A quality bike multi-tool is one of the most important accessories you can carry with you whether you're mountain biking, road riding, gravel grinding, or bike packing. Having the ability to make adjustments and do simple repairs while out in the field can save you from walking miles back to the trailhead or waiting for someone to come and pick you up. Likewise, a good multi-tool can be a functional and space-saving option for people to work on their bikes at home. There are several factors to consider when searching for the right multi-tool to meet your needs, and in this article, we'll try to address them.
Know Your Bike
A multi-tool is only useful as long as you have at least some basic knowledge as to how to use it. You can have all the tools in the world, but they don't do you much good if you don't know what to do with them. Some things, like tightening loose bolts, are pretty self-explanatory, but it helps to get a good feel of the various parts of your bike and how they work. If you're unfamiliar with bike repair, we suggest attending a bike repair or maintenance clinic. You can thank us later. If you're already familiar with your bike and trailside repairs, then you probably already know what you're looking for in a multi-tool.
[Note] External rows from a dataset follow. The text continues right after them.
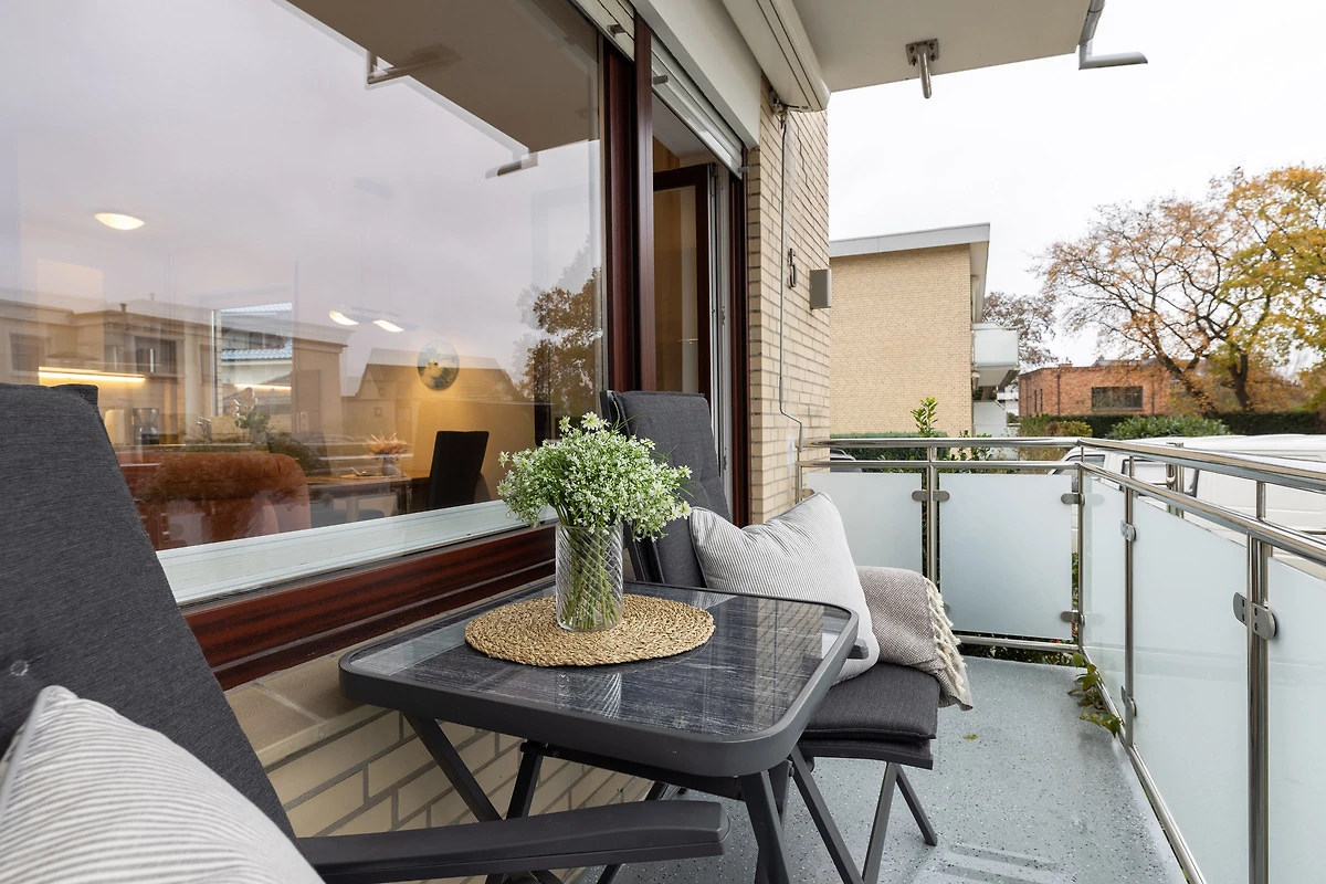 Im Aussenbereich (Balkon) laden Gartenstühle zur entspannten Pause ein.
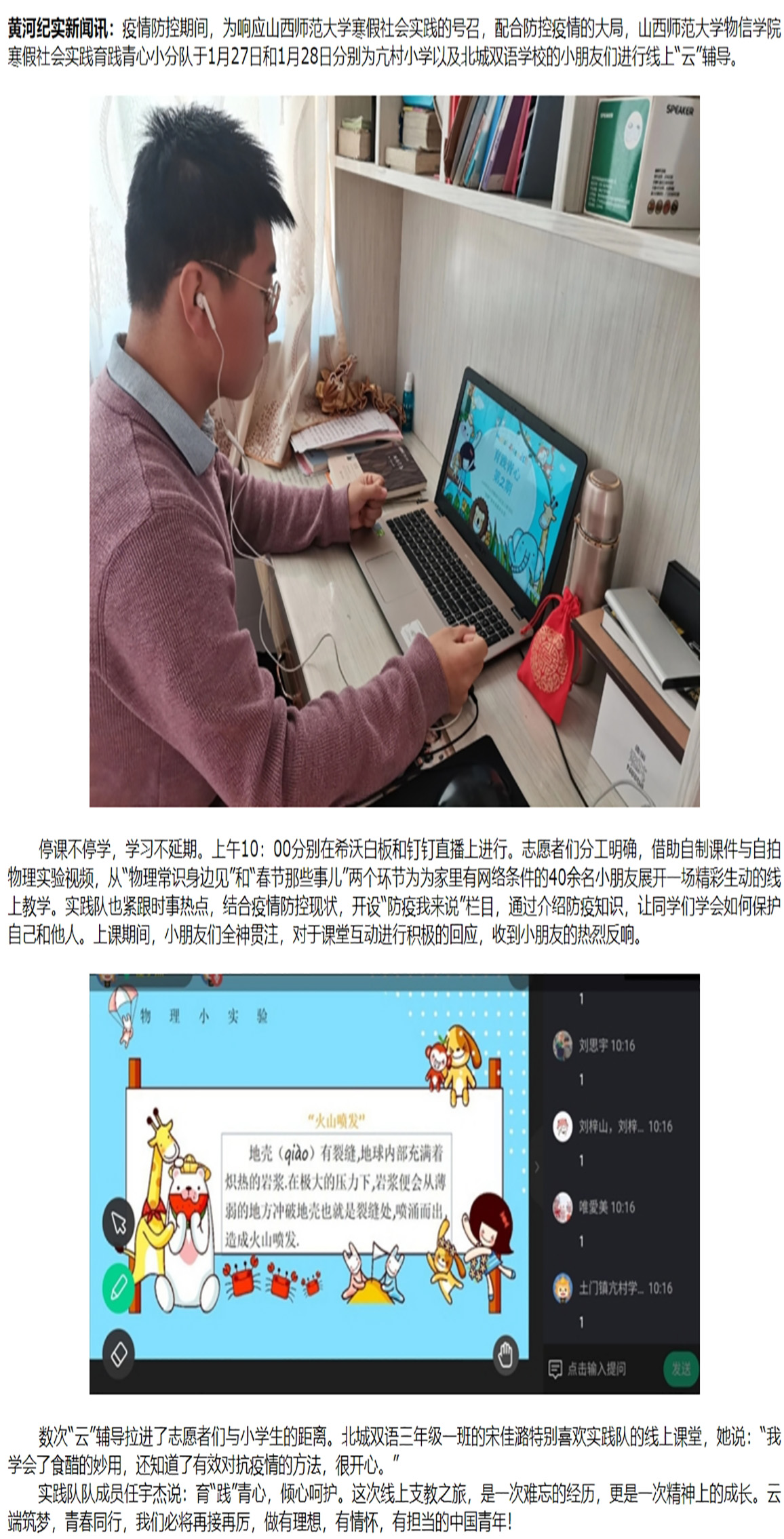 黄河纪实新闻网、临汾日报报道黄色漫画 大学生志愿者为小学生进行线上“云”辅导活动
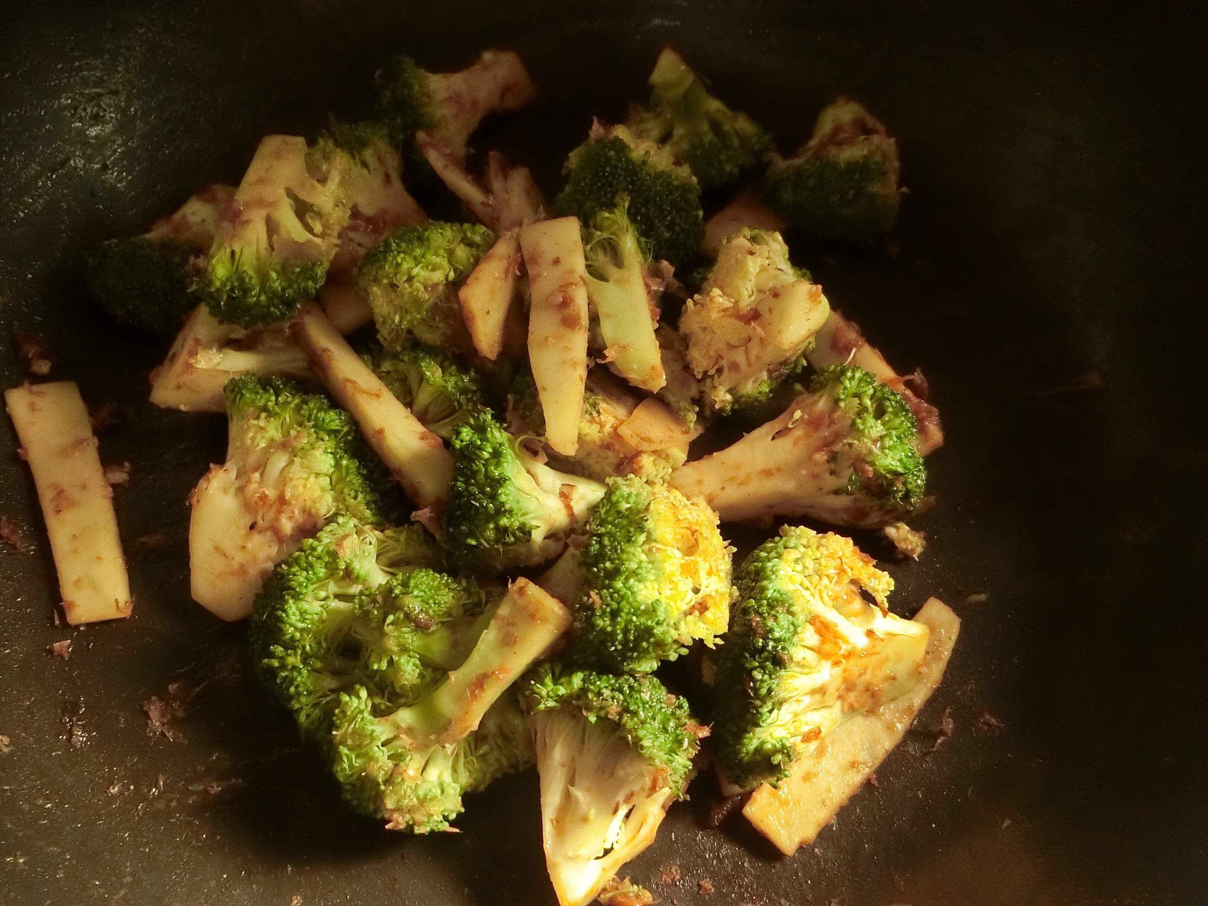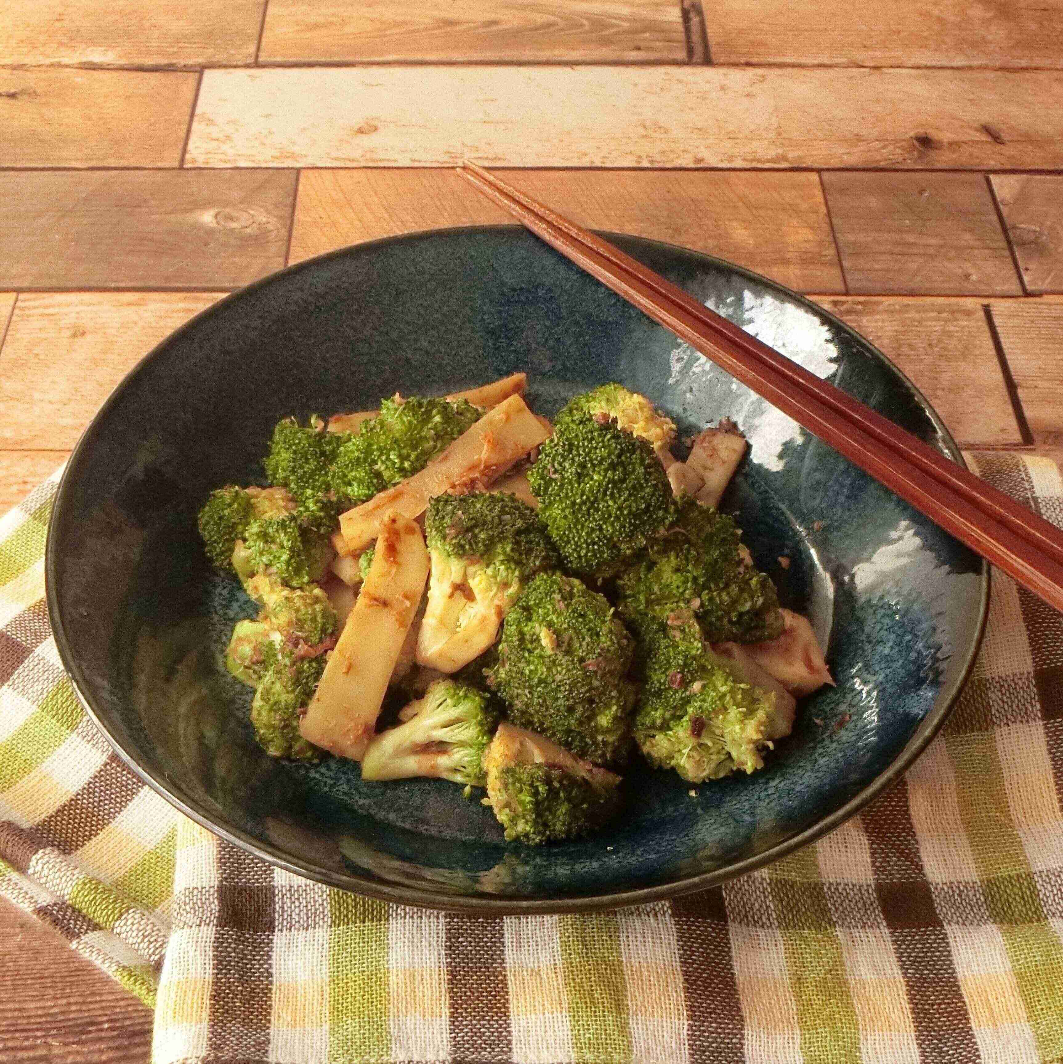【3】ブロッコリーがしんなりしてきたら、かつお節としょう油を入れて味つけして完成。

What Features Do You Need?
Bike multi-tools come in all shapes and sizes and with a dizzying variety of tools and functions. The tools you need is ultimately up to you, but we feel that there is a minimum of tools that everyone should carry with them at all times while riding. Every model in our review has at least these essential functions, hex keys in sizes 2-8mm, Torx 25, and a chain tool. The reason we feel these tools are essential is that on most modern bikes the most common bolt head sizes have hex heads in 3, 4, 5, and 6mm, with some also using 2mm and 8mm. Torx 25 is becoming increasingly common and found on everything from brakes, brake rotors, derailleurs, and even seat clamps. A chain tool is essential because it is the only way to fix your chain if it breaks. If you carry a quick link, you still need a chain tool to remove the broken part of the chain to install it. If your chain breaks and you don't have a chain tool, your bike is an expensive scooter.
It is also essential to take a good look at your bike, or bikes, to see what tools and functions you need to perform adjustments or repairs in the field. Does your bike need a flathead or a Phillips' head, maybe both? When you know your bike and all of its parts you can more effectively select a multi-tool that has all of your needs covered. Likewise, tools are only worthwhile if you know how to use them. Sure, your multi-tool may have four sizes of spoke wrenches, but are you willing or able to try and true your wheel in the field or at home? We all love a fully featured multi-tool, but only so long as all of the tools are useful to the user.
How Will You Carry It?
All of the multi-tools in our test are designed to be compact and portable and taken along with you on a ride. The size, shape, and weight are all considerations for each model's portability, as is the way you intend to carry the tool. Will you be stashing it in a backpack or fanny pack where you have room to spare? Perhaps you'll be storing it in your bike's saddlebag where space is limited? Or maybe you're the type who carries it in a jersey pocket or storage bibs? In general, most multi-tools are slim and rectangular, with tools that fold out from the middle. This shape takes up little space no matter where you carry it.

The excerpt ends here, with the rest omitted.